Cooperatively enhanced catalytic properties of Ti@Al(100) near-surface alloy for aluminum hydrogenation

• Effects of different doping configurations and concentrations are studied in detail.
• The single atom, (0,2) pair and [0,2] domain of Ti doping are preferred.
• Kubas-type σ back-bonding interaction accounts for the enhanced catalytic properties.
• The improved activity of Al due to Ti doping beneath it contributes to H2 splitting.
• The cooperatively enhanced catalytic properties are confirmed in doping domain.

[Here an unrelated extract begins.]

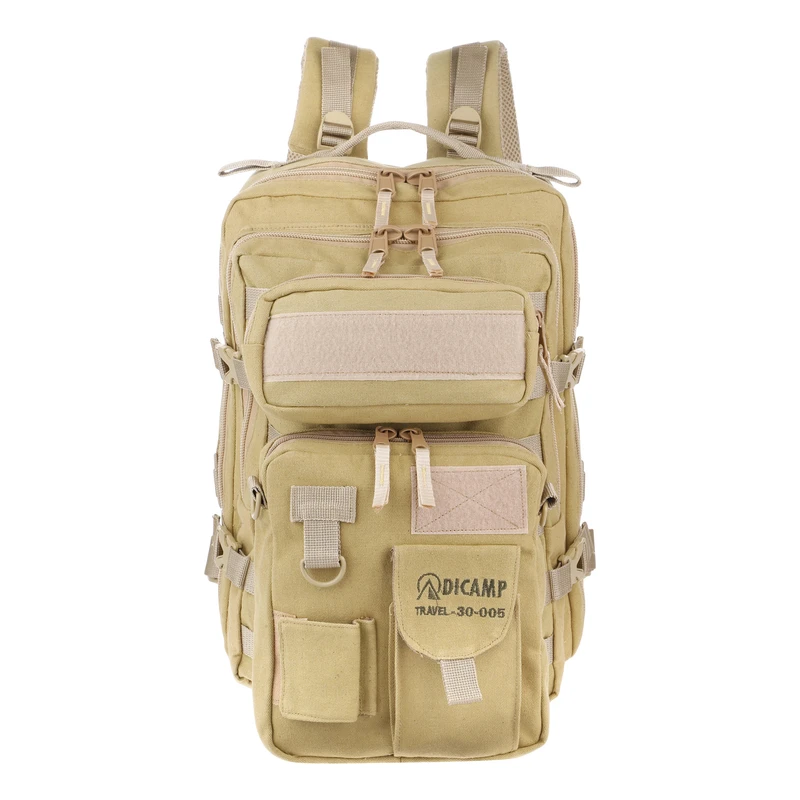 کوله‌پشتی کوهنوردی دیکمپ مدل TRAVEL-30-005 با طراحی خاص، مناسب کوهنوردی، کمپینگ، پیاده‌روی، طبیعت‌گردی و مسافرت است. این کوله‌پشتی با ظرفیت ۳۵ لیتر، فضای کافی برای حمل وسایل الکترونیکی مانند لپ‌تاپ و تبلت، وسایل سفر، موبایل، هندزفری، پاوربانک، غذا، لباس و لوازم شخصی دارد. همچنین می‌توانید کیسه خواب یا پتو را به آن وصل کنید و به راحتی حمل کنید. این مدل شامل یک کیف دوشی و یک کیف کمری است که روی محفظه اصلی نصب شده و قابلیت جدا شدن و استفاده جداگانه دارند. بندهای پشت و کمری نیز قابل جدا شدن هستند. برای راحتی بیشتر، پشت کیف و بندها دارای پدهای تهویه هوا هستند و قفل‌های قابل تنظیم روی قفسه سینه و بند کمری فشار روی شانه و کمر را کاهش می‌دهند. جنس کوله از برزنت مقاوم، ضدآب و قابل شست‌وشو ساخته شده و در بخش‌های مختلف از آستر مرغوب استفاده شده است. دوخت‌ها با کیفیت بالا و مقاومت زیادی در برابر فشار دارند و قفل‌ها طراحی مستحکم و خاصی دارند. این کوله‌پشتی انتخاب مناسبی برای کوهنوردان و طبیعت‌گردان است که به دنبال محصولی با دوام و کارآمد می‌گردند.

We have carried out detailed first-principles studies of the catalytic properties of Ti@Al(100) near-surface alloy. The single Ti atom, (0,2) Ti–Ti pair, and [0,2] Ti doping domain have better catalytic performances. These species doped in the top surface can develop back-bonding interaction with H2 to catalyze the splitting, which however on the other hand hinder the dissociated H atoms to diffuse. Doped in the subsurface, they can also enhance hydrogen interaction on aluminum to catalyze H2 splitting. The activation energies are 0.80, 0.68, and 0.48 eV for Ti atom, (0,2) pair, and [0,2] doping domain, respectively. Without Ti–H bond, the dissociated H atom could diffuse away with small energy cost. The structural expansion induced by titanium doping, the lower electronegativity of Ti, and the more valence electrons of Ti may cooperatively facilitate the charge transfer from the above Al atoms to H2 molecule, accounting for the enhanced splitting properties.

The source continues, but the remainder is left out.